## Try it
Set down exactly, from the records below, the line with "Salvatore Ferragamo 100%" through the line with "鲁镇挺大,沿着弯弯曲曲的河道", and nothing else.

## Study material
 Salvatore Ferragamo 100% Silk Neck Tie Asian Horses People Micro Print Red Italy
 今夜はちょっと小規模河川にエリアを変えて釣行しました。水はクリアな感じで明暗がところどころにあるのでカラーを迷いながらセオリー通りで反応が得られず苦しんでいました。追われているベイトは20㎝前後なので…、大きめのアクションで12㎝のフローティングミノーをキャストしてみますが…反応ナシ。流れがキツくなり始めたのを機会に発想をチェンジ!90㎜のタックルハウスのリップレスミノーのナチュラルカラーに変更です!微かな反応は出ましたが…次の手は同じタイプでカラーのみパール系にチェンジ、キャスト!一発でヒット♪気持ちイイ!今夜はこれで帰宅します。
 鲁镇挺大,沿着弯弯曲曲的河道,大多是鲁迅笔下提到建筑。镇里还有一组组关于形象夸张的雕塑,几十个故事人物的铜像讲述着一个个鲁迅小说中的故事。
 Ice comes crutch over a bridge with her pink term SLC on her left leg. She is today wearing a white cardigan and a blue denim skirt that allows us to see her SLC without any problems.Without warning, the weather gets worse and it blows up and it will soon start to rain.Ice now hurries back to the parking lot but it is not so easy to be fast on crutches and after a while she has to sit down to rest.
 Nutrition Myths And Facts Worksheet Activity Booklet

==

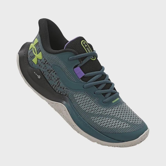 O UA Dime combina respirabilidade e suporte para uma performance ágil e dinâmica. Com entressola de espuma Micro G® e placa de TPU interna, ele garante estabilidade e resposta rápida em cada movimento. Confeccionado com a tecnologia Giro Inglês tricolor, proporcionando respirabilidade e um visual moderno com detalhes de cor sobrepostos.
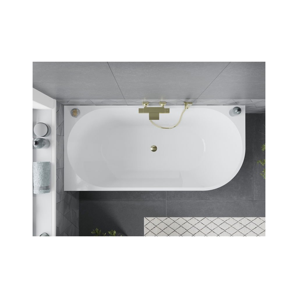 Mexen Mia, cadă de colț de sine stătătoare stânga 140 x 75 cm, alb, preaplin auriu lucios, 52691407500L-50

## Final answer
 Salvatore Ferragamo 100% Silk Neck Tie Asian Horses People Micro Print Red Italy
 今夜はちょっと小規模河川にエリアを変えて釣行しました。水はクリアな感じで明暗がところどころにあるのでカラーを迷いながらセオリー通りで反応が得られず苦しんでいました。追われているベイトは20㎝前後なので…、大きめのアクションで12㎝のフローティングミノーをキャストしてみますが…反応ナシ。流れがキツくなり始めたのを機会に発想をチェンジ!90㎜のタックルハウスのリップレスミノーのナチュラルカラーに変更です!微かな反応は出ましたが…次の手は同じタイプでカラーのみパール系にチェンジ、キャスト!一発でヒット♪気持ちイイ!今夜はこれで帰宅します。
 鲁镇挺大,沿着弯弯曲曲的河道,大多是鲁迅笔下提到建筑。镇里还有一组组关于形象夸张的雕塑,几十个故事人物的铜像讲述着一个个鲁迅小说中的故事。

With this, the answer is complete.